Given his passion and his self-discipline, he wasn’t all that phased by having to learn at home.

“I actually really enjoyed online school because of the increased freedom,” he said. “It felt much more independent and self-motivated than in-person school. I also had a lot more downtime due to not having clubs, not having to drive back and forth from school and because of the new virtual learning schedule. I used this time to start some new projects, research new topics I was interested in – mainly computer science topics – and just relax…The only things I truly missed were clubs and being able to easily interact with teachers/classmates.”

He did return to the classroom when campuses reopened, and has noticed “I definitely felt more physically exhausted at the end of the day and I definitely had less free time, but getting some social interaction and being immersed in my classes is pretty nice.”

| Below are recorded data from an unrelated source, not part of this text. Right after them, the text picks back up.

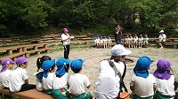 山の探検ではグループに分かれて、地図を見ながら「どの道から行く?」「ここの道からにしようよ」と相談しながら、みんなで地図に書かれているいろいろなポイントに挑戦しました。
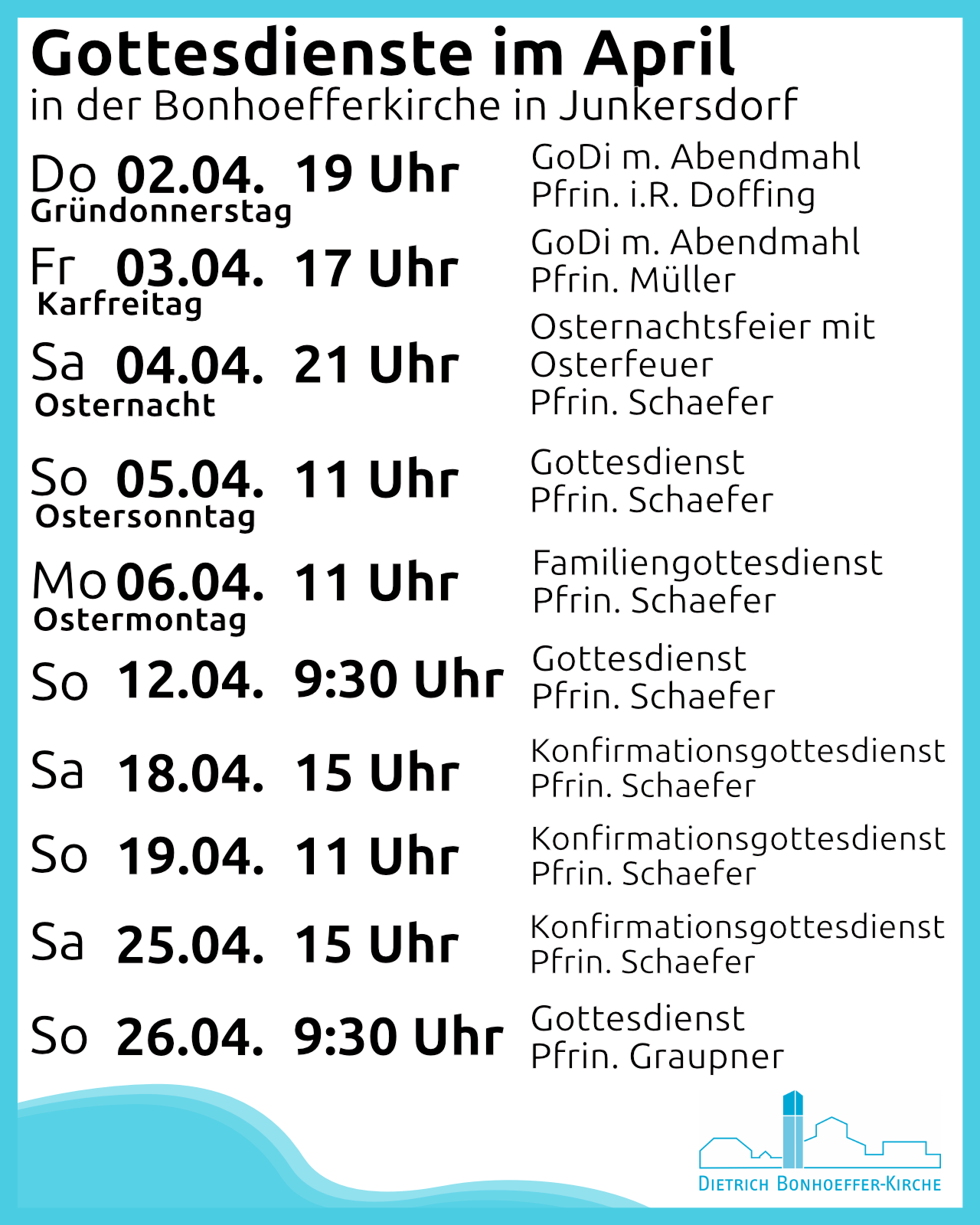 9:30 - 10:30 | Ort: ClarenbachkircheGottesdienst am Ostermontag
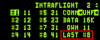 Lorsque tous les IDM sont inscrits dans le DED, le libellé LAST devrait affiché #8. Appuyez le commutateur DCS RTN sur l'ICP pour quitter la page Datalink - Intraflight.
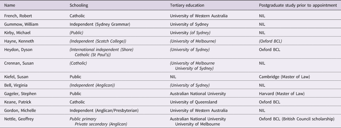 An extensive 2018 study of the career trajectories of Australian supreme- and district-court judges revealed that the majority of judges had attended independent and Catholic schools for their pre-tertiary education, followed by university education at the oldest and most prestigious universities in Australia (Bartlett and Douglas, Reference Bartlett and Douglas2018). The High Court justices in our study also followed those pathways (Table 2).
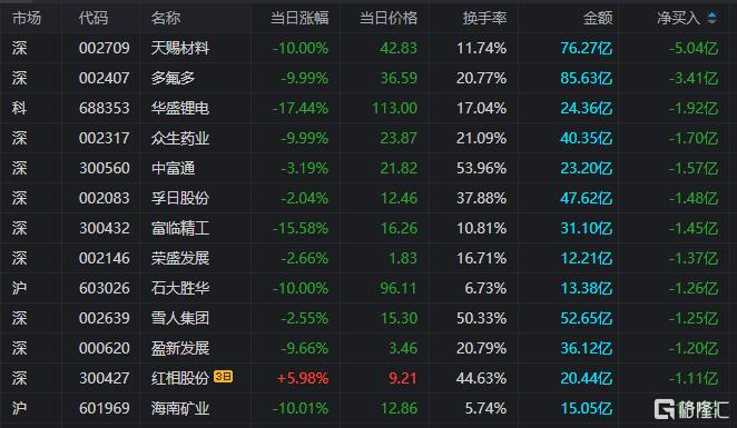 龙虎榜单日净卖出额前三为天赐材料、多氟多、众生药业,分别为5.04亿元、3.41亿元、1.70亿元。
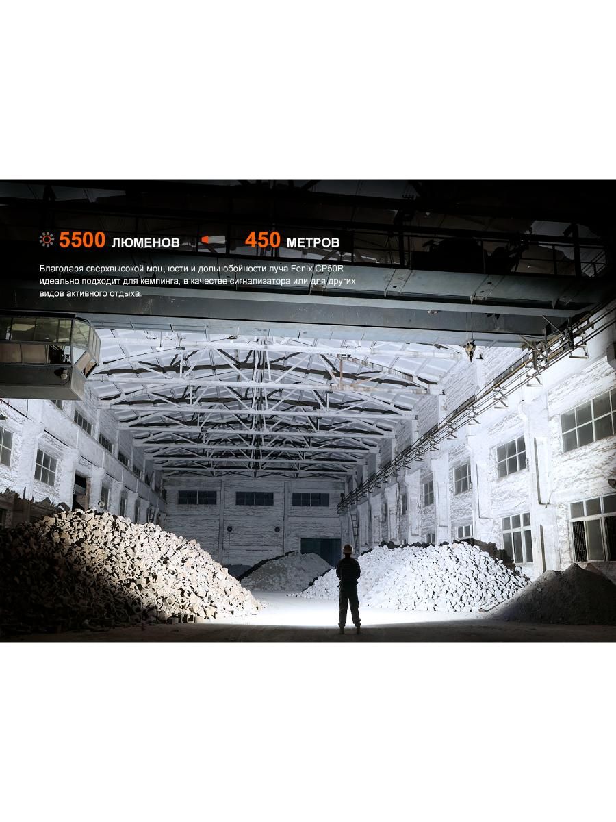 Фонарь Fenix CP50R - это самый яркий кемпинговый фонарь, выдающий до 5500 люмен и освещающий пространство на дистанции до 450 метров. Такая мощность делает его эффективным в аварийных ситуациях, на строительных площадках и в условиях, где требуется предельно высокая яркость.
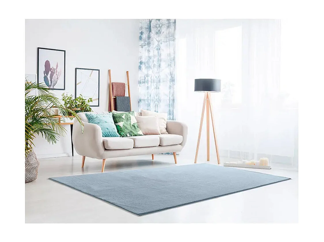 Kurzflorteppich - waschbar und rutschfeste - Einfarbiger - blau - 60x120 cm - LOFT
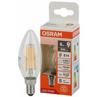 Купить 2шт/уп. Лампа LED Свечка 6Вт 220-240В E14 806Лм 4000К Угол 300 град. d 37mm h 105mm Филаментная Стекло Свет Дневной белый Osram, уп. 2шт с доставкой по всей России.
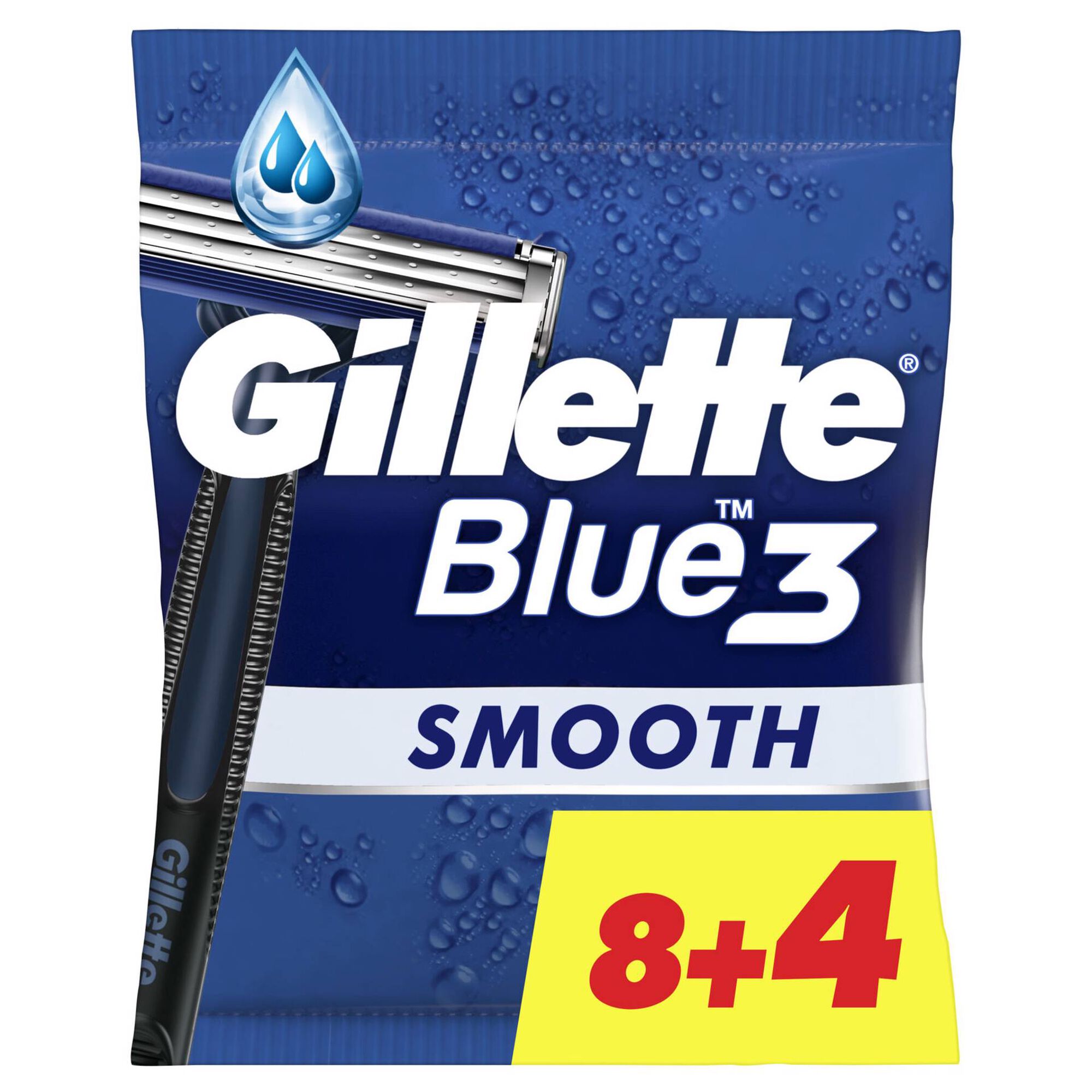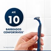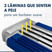 A máquina de barbear descartável Blue3 Smooth da Gillette inclui 3 lâminas revestidas a crómio que deslizam facilmente pela pele e uma cabeça rotativa a 40° que se ajusta aos contornos do rosto.
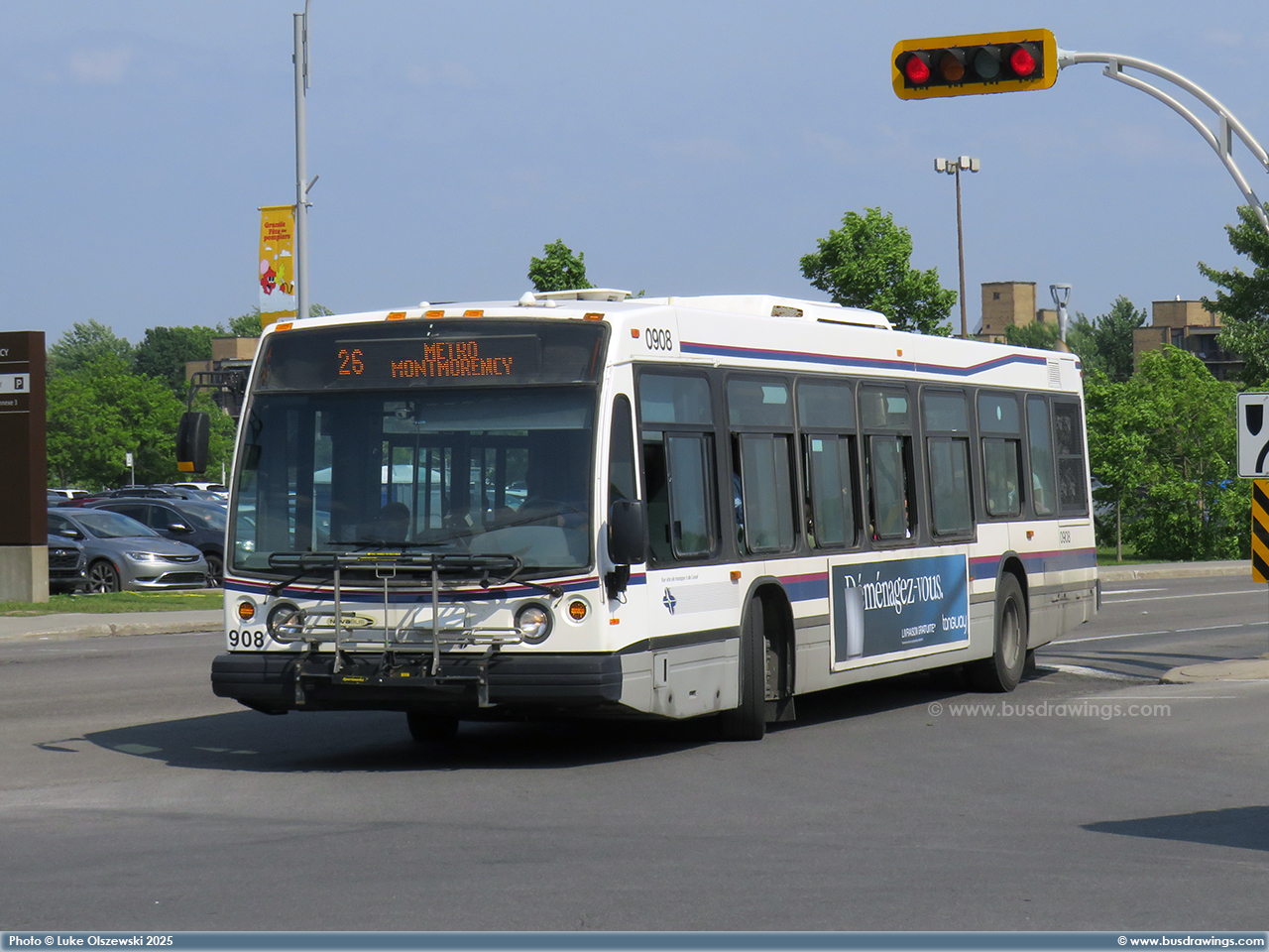 #0908 is seen just outside of the Montmorency Metro Station on June 4, 2025. Photo captured by Luke Olszewski. | |
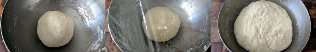 - Transfer this mixture to a wide bowl greased with oil and cover it with a cling wrap and set aside until the dough has doubled in size. It took me about 1.5 hours this time.
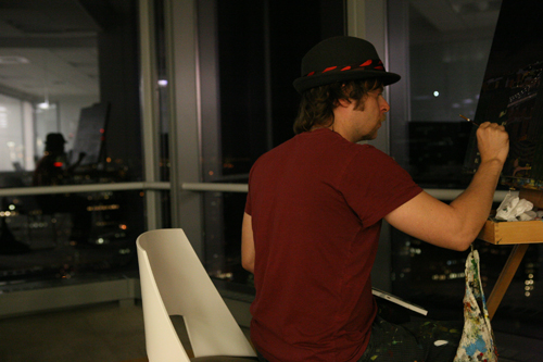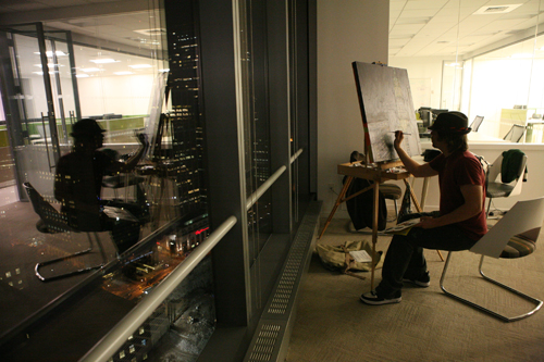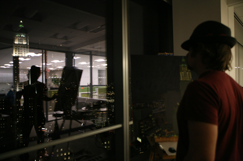 Day two was more of a night session, at WhenTech’s 7 World Trade Center office from the 34th floor. With the structure in place, this session became a reductive process – removing all natural light. The next session will include painting the light created by man into the dark city scape you will find after the jump.
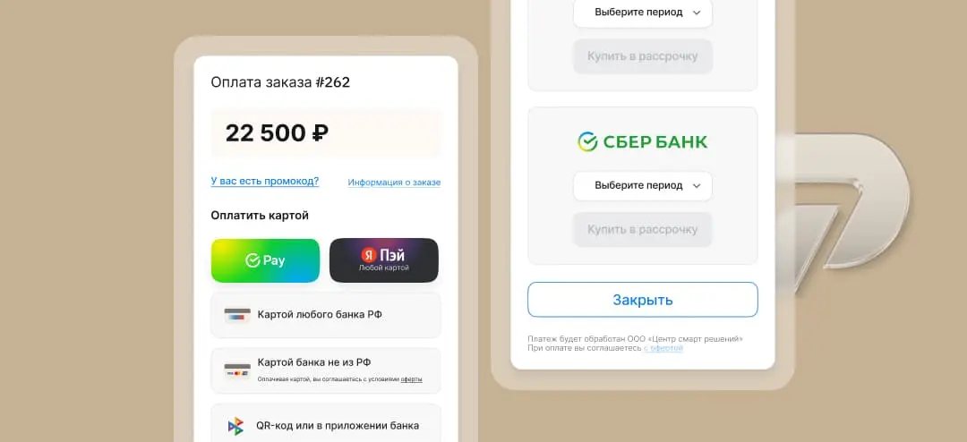 Вы получаете полноценный платежный шлюз, который позволяет принимать деньги от клиентов, выдавать чеки и оформлять рассрочки. При этом вам не нужно платить абонентскую плату за использование сервиса — система берет только комиссию с успешных транзакций.
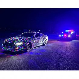 クリスマス用にカラフルなイルミネーションで飾り付けられたフォードマスタングが、警察車両によって停車させられている写真だ。とてもきれいだけど、同州では、警察車両や救急車、消防車などの緊急車両以外、赤や青の灯火を車両に付けることは違法。不要な混乱や危険を防止するためだ。
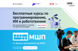 Школа программистов МШП, являясь провайдером проекта с 2022 года, реализуемого Министерством цифрового развития Российской Федерации, завершает набор студентов СПО IT-специальностей, а также обучающихся 8–11 классов, на бесплатные образовательные программы в 2025/2026 учебном году.
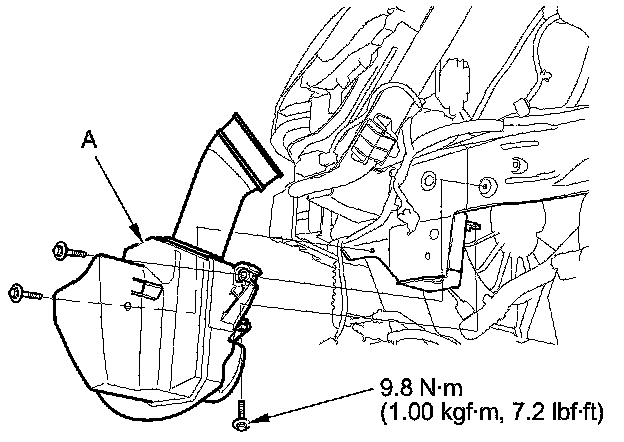4. Remove the bolts and the intake air resonator (A).
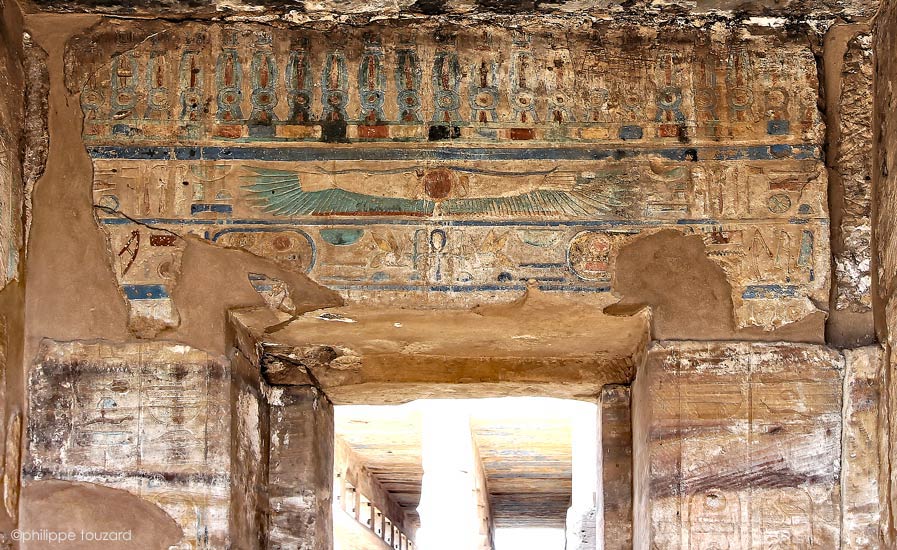 La porte comporte plusieurs niveaux de décoration. En haut, une frise. En dessous, celui de Behedet, le dieu grand. Ensuit, une partie de la titulature du roi, dit "Aimé d'Amon-Rê", en 2 inscriptions symétriques. Enfin, d'autres parties de la titulature de chaque côté de la porte.

He also said, “The main thing I noticed was that some teachers absolutely dreaded teaching online. I don’t blame them, but it was fairly obvious for some teachers, and I heard this observation from a lot of my classmates, too. This meant that some classes this year were heavily self-taught. 

“I’d imagine that it was extremely hard to switch to this new teaching style on such short notice, especially when some of these teachers have been teaching in a classroom for 20+ years. Now that we’ve been in this environment for over a year, it’s definitely gotten better, but it’s still interesting to think about.”

He frankly admits he is obsessed with computers and has been for most of his life.

“I never found anything else in my life that combined everything I loved: math, linguistics, and incredibly complex logic,” Mitch said, dating his obsession to age 5 or 6, when he had his first access to a computer.

I never stopped programming since then and it wasn’t even a question when it came time to pick a major.

“I believe I was allowed to use it to play a couple of video games or something similar,” he said, but by age 11 he got “a cheap Dell desktop” that “allowed me to start messing with hardware and software without risking somebody else’s computer.

Since then, he’s built a few computers that he could tailor to his needs.

A devoted math scholar who has been active in Mountain Pointe’s Mu Alpha Theta math club chapter and who has participated in numerous math competitions, Mitch also loves learning foreign languages and has developed fluency in Spanish.

“I really didn’t enjoy science until last year,” he added. “Up until then, I’d only taken biology, environmental science, and other “soft” sciences. Last year, I took Honors Chemistry with an absolutely incredible teacher and I found a strong passion for the more complex sciences. I loved all of the formulas and crazy processes involved with chemistry and I’m very excited to take physics in college for this exact reason.”

He was excited and relieved to win a Flinn, stating, “the network and resources that I’ve been given access to are amazing, and I am incredibly excited to see where my future stands in the program.”

“All of the Flinn Scholars that I have talked to in the past have been really great,” Mitch said. “That was another reason that I was excited to get the scholarship; all of the people that I have met in the program have been incredibly personable and motivated and I would love to be friends with any of them.”

“I also have a network built up in Tempe,” he added. “I know some wonderful professors at ASU that I’d love to work with, and they have a ton of research activity in the computer science fields that I enjoy.”

And given his attitude, it’s likely those professors will love to work with him.

That attitude explains how he described an internship he had with a company after a manager saw a project he did on Github.

“I didn’t do it to get hired, I didn’t do it to open opportunities, but I did it because I enjoyed programming and wanted to put my work out there,” he said. “The opportunities came as a side effect, and if you have a true passion for something, that can easily happen. Other than that, I don’t think there’s one secret that will make you successful other than just working hard, staying motivated and getting lucky.”